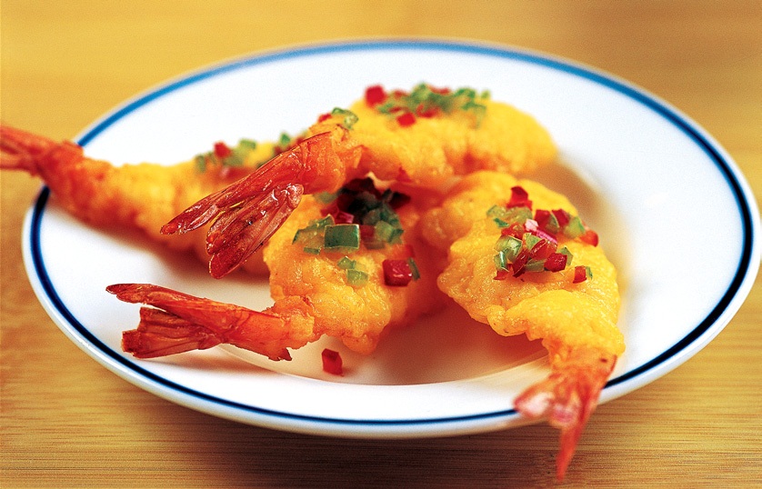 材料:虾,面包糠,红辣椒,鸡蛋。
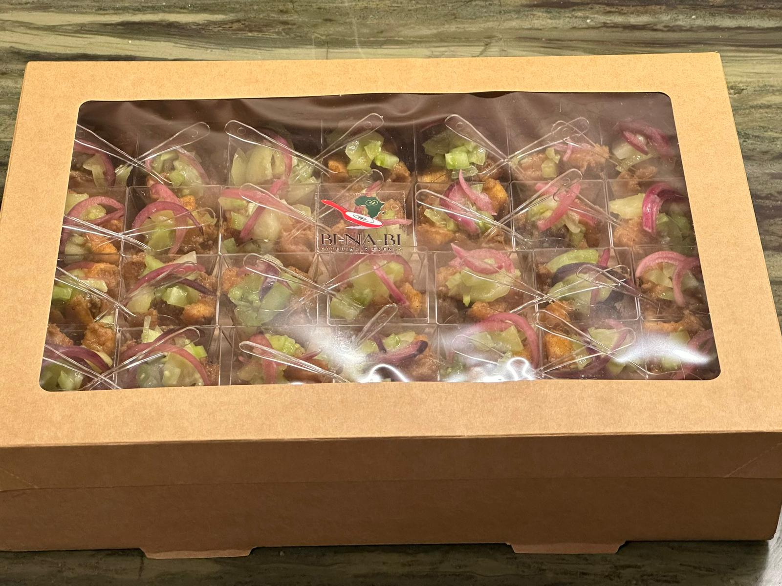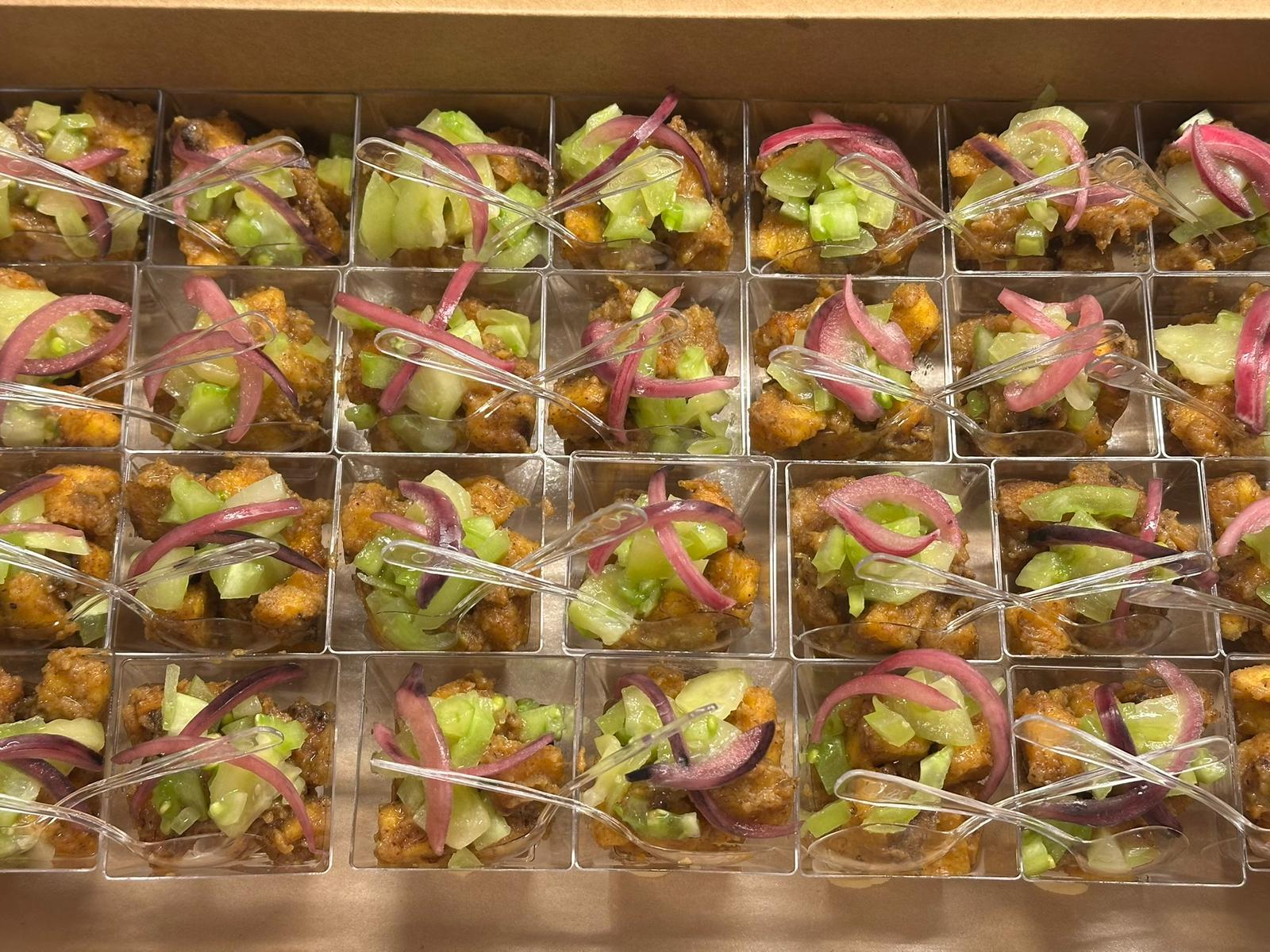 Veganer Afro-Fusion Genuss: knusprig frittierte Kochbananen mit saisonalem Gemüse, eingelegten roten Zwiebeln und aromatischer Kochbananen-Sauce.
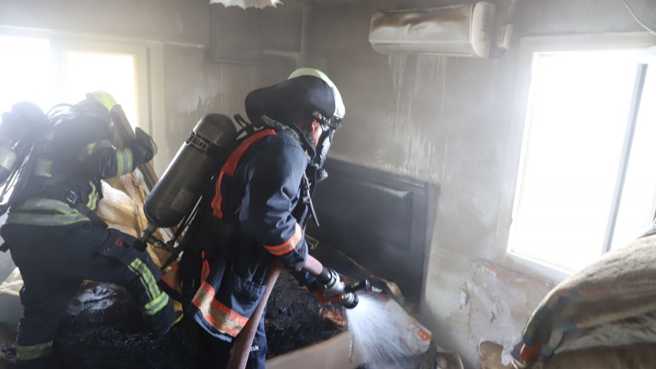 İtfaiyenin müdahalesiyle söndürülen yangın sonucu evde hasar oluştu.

• • • • •

(ASSIGNMENT): All of the material above must be retyped exactly, line for line, with the images dropped.

(YOUR RESPONSE):
 材料:虾,面包糠,红辣椒,鸡蛋。
 Veganer Afro-Fusion Genuss: knusprig frittierte Kochbananen mit saisonalem Gemüse, eingelegten roten Zwiebeln und aromatischer Kochbananen-Sauce.
 İtfaiyenin müdahalesiyle söndürülen yangın sonucu evde hasar oluştu.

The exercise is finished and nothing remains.